Como era um período de muitos casos de paralisia infantil, a fabrica era também especializada em sapatos ortopédicos. Um pé do calçado tinha altura diferente para compensar a desigualdade do deficiente. Havia também botas ortopédicas com partes mecânicas adaptadas. Feitas sob prescrição médica.
Meu segundo sapato novo aconteceu quando eu já tinha quase treze anos e trabalhava de mecânico em uma auto pista de mini carros que existiu na rua Junqueiras, local do atual Hotel das águas. O comprei com meu trabalho, mas foi furtado, praticamente, antes de usá-lo, por meninos de rua da cidade. Havia em Poços alguns meninos de rua liderados por outro maiorzinho, apelidado de “Melado”. Eles invadiram, certa noite, a casinha de manutenção dos pequenos carros e não levaram ferramentas, peças, ou coisas de valor maior, apenas o meu par de sapatos.
Durante a adolescência, tive uma amigo da policia civil de Campinas que me presenteava com coturnos da aeronautica. Mesmo que já usados eram confortabilíssimos e ainda duravam muito. Junto ao calçados sempre vinham boinas usadas pela polícia civil de São Paulo. Porem em pleno regime militar o simples uso de tais assessórios traziam sério risco para a segurança nacional.
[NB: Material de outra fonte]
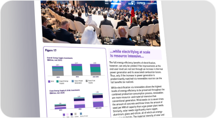 39 ...while electrifying at scale is resource intensive... The full energy efficiency benefits of electrification, however, can only be yielded if the improvements at the end-user level are not lost through an increase in thermal power generation and its associated combustion losses. Thus, only if the increase in power generation is predominantly matched via renewables sources can the full benefits be realized. While electrification via renewables allows the highest levels of energy efficiency to be preserved throughout the combined production-consumption process, renewables are more resource- and material-intensive than conventional generation. Wind needs six to seven times the amount of concrete and three times the amount of steel per MW of capacity than a gas power plant needs. Similarly, solar needs significantly more copper, aluminium, glass and silicon, all of which are energy- intensive materials. The material intensity of solar and wind is then amplified by their lower load factor. For utility-scale solar, load factors tend to vary between 15% and 25%. This means that, to generate the same amount of electricity generated by 1 MW of gas capacity, you will need an average of 2-4 MW of solar capacity. This can be significantly improved with the use of batteries, but doing that adds an additional call on upfront capital and resources. See Fig. 18 The ratione of undergoing these heavy upfront capital investments lies in the significant energy efficiency benefits that electrification yields at the end-user level, See Call Out Box 3. Electric vehicles are three times more efficient than ICEs, and heat pumps are 300% more energy efficient than conventional gas boilers. Grid Clean Energy Supply Fossil Power Generation Fossil Fuel Supply 2,500 2,471 2,021 2015 2024 2025-2050 Overall Energy Supply Investments ($Billion, real 2025) Grid 1,700 2015 2024 Clean Energy Supply & Grids Investments ($Billion, real 2025) 1,325 555 2025-2050 Battery Storage Solar Wind Nuclear Figure 17
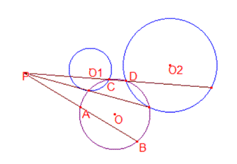 $P$を通る2直線が,与えられた円と2点$A,B$および$C,D$で交わるとき
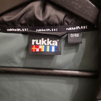 Vihertävän/Turkoosin värinen Rukka Vestra, pitkä parkamallinen kevyesti topattu takki koossa D48. (ovh. 199,95€). Vastaa ennemmin kokoa 50-52.)
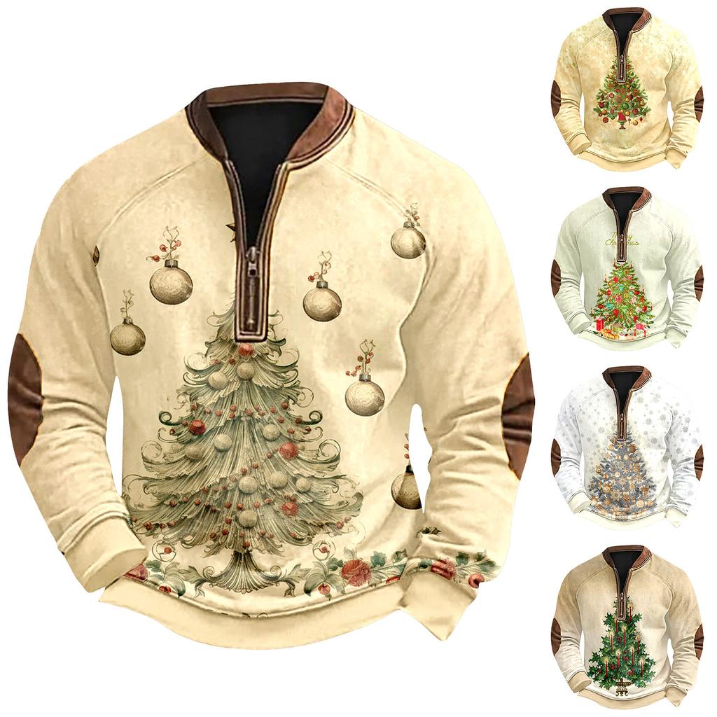 Мужская рождественская ретро-повседневная толстовка на молнии

Os olheiros da ditadura já entendiam que você era que nada sabia de Marx ou Engel era simpatizante de Che Guevara. Uma das profissões importantes e que está quase desaparecendo era de sapateiro.
Os profissionais reconstruiam um calçado. Colocavam novos saltos, sola inteira, meia sola, etc.
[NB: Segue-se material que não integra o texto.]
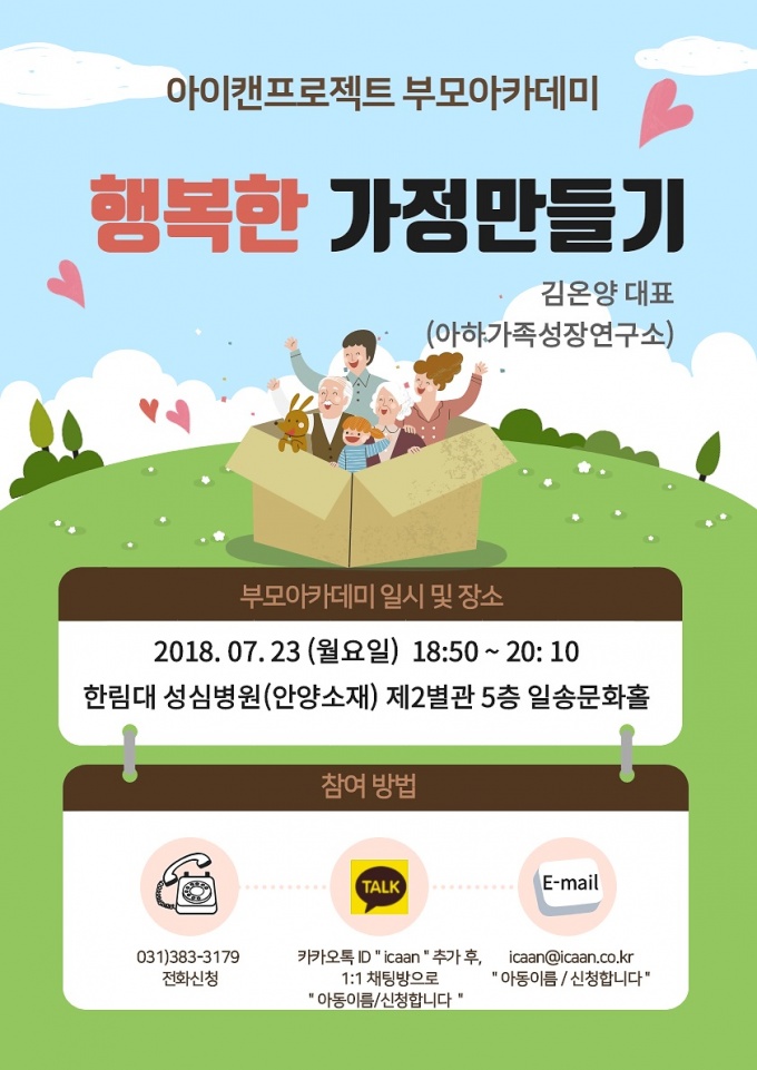 ¾ÆÀÌĵ ºÎ¸ð¾ÆÄ«µ¥¹Ì´Â ´©±¸³ª ¹«·á·Î Âü¿©ÇÒ ¼ö ÀÖ´Ù. Âü°¡ ½Åû ¹× ¹®ÀÇ´Â ÇѸ²´ëÇб³¼º½Éº´¿ø ¾ÆÀÌĵ »ç¹«±¹(031-383-3179)À¸·Î ¿¬¶ôÇÏ¸é µÈ´Ù. |

Hoje, o processo industrial democratizou o uso de calçados. Não se vê mais crianças descalças. Ainda existem os sapatos e tênis de marcas e que custam muito caro, mas há também as grifes “Made In China” e que custam preços de banana do Paraguai. Hoje, tenho até sapateira, escolho diariamente entre mais de uma dezena de pares qual calçados quero para aquele dia. Porem não me esqueço da saga pela qual muitas crianças passaram para ter um par de calçados. Tive uma amiga brasileira em Boca Raton, Flórida, no condado de Palm Beach, Estados Unidos, que comentava que quando moravam no Brasil chegavam a usar o sapato uma única vez e os abandonavam.
Depois os sapatos nacionais não agradavam mais, passaram a usar importados. Depois o país não servia mais, se mudaram para os Estados Unidos e, com todo o dinheiro e luxo não tinham o meu prazer diário de pequenos gestos de escolher, hoje, que sapato quero usar. RT
Muito bom o texto!
Passei por estes mesmos vexames com sapatos comprado na feira de água de meninos Bahia. Ouvindo sempre do nosso pai que
pé de pobre não tinha numero.
Já trabalhando comprei o meu primeiro par de alpargatas, tendo sido um dos meus maiores feitos a época da minha vida.
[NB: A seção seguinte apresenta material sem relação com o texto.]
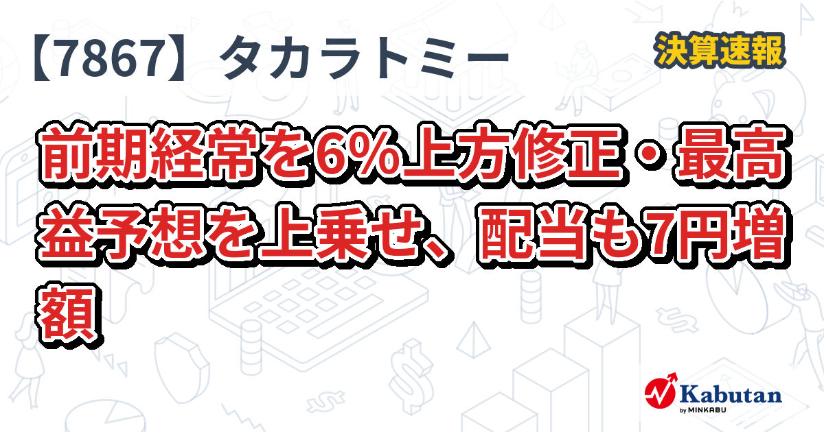 昨日、上方修正と増配を発表したタカラトミーが上げています
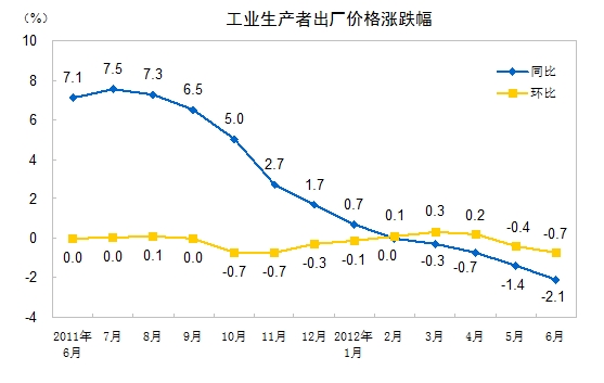 中廣網北京7月9日消息 國家統計局今日公布的數據顯示,2012年6月份,全國工業生產者出廠價格同比下降2.1%,環比下降0.7%。工業生產者購進價格同比下降2.5%,環比下降0.8%。上半年,工業生產者出廠價格同比下降0.6%,工業生產者購進價格同比下降0.3%。

Porém hoje me dou ao luxo de usar um par por dia que mais parece uma caixa de algodão ao calcar.
Grato / Reginaldo
Amigo, o que mais me alegra é que tais dificuldades não nos fizeram desistir ou nos perder. Um grande abraço.
Amei a história dos sapatos, o nível de dificuldade que os menos favorecidos enfrentavam no passado. Um grande abraço Roberto.